Nicolás Boullosa/flickr, CC BY-SA

Belinda Medlyn, Western Sydney University; Brendan Choat, Western Sydney University, and Martin De Kauwe, UNSW

Most citizen science initiatives ask people to record living things, like frogs, wombats, or feral animals. But dead things can also be hugely informative for science. We have just launched a new citizen science project, The Dead Tree Detective, which aims to record where and when trees have died in Australia.

The current drought across southeastern Australia has been so severe that native trees have begun to perish, and we need people to send in photographs tracking what has died. These records will be valuable for scientists trying to understand and predict how native forests and woodlands are vulnerable to climate extremes.




Read more:
Recent Australian droughts may be the worst in 800 years


Understanding where trees are most at risk is becoming urgent because it’s increasingly clear that climate change is already underway. On average, temperatures across Australia have risen more than 1℃ since 1910, and winter rainfall in southern Australia has declined. Further increases in temperature, and increasing time spent in drought, are forecast.

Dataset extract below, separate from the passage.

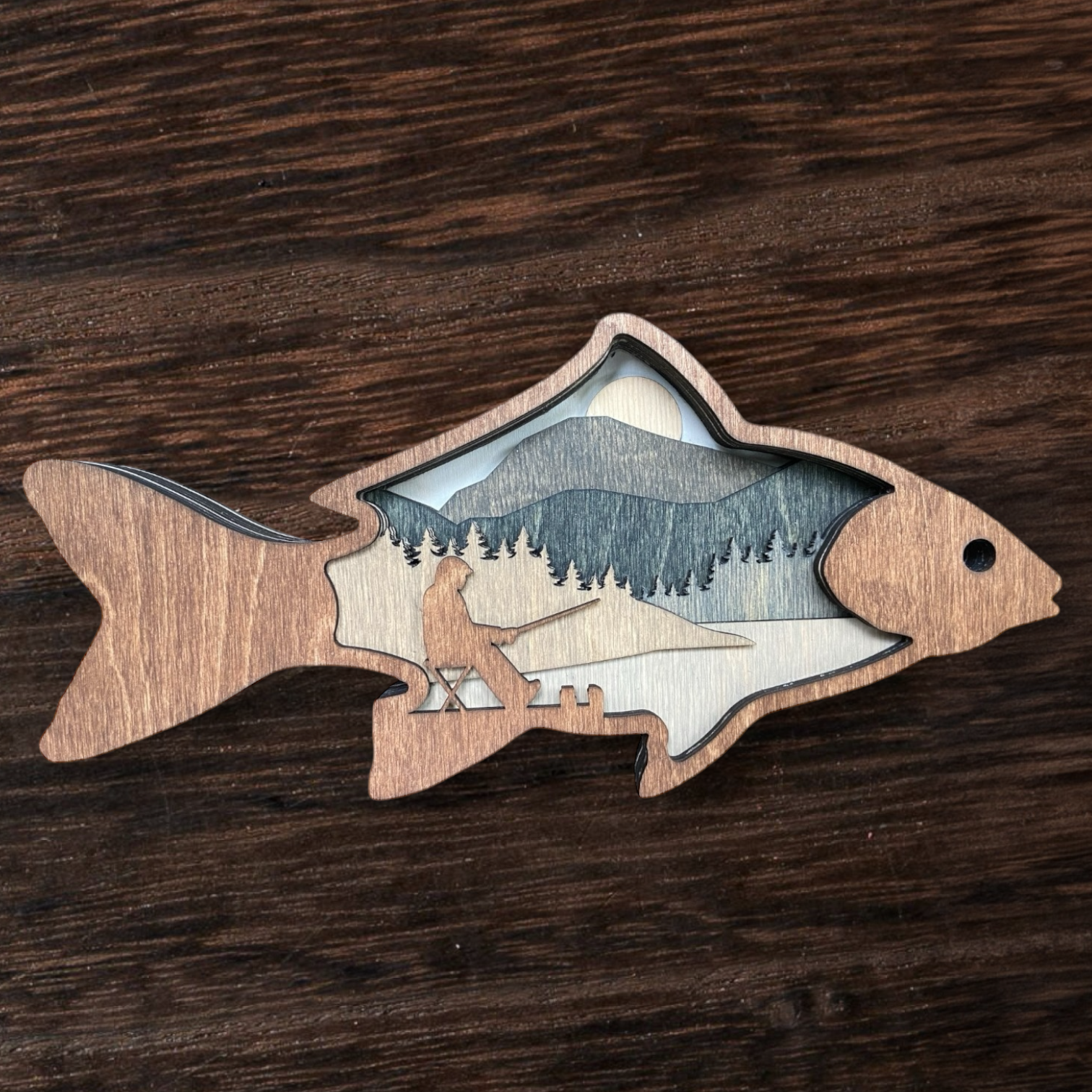 Dyk ner i lugnet av fisket med vår unika väggkonst "Relaxed Fishing". Denna konst består av 9 träskikt, som konstfullt är utformad för att fånga lugnet och harmonin vid fisket. Varje skikt och en annan aspekt av denna populära hobby, från den stilla vattenytan till det mjuka gungandet av fiskespöt.

How our native plants cope with these changes will affect (among other things) biodiversity, water supplies, fire risk, and carbon storage. Unfortunately, how climate change is likely to affect Australian vegetation is a complex problem, and one we don’t yet have a good handle on.

Phil Spark of Woolomin, NSW submitted this photo to The Dead Tree Detective project online.
Author provided

Climate niche

All plants have a preferred average climate where they grow best (their “climatic niche”). Many Australian tree species have small climatic niches.

It’s been estimated an increase of 2℃ would see 40% of eucalypt species stranded in climate conditions to which they are not adapted.

But what happens if species move out of their climatic niche? It’s possible there will be a gradual migration across the landscape as plants move to keep up with the climate.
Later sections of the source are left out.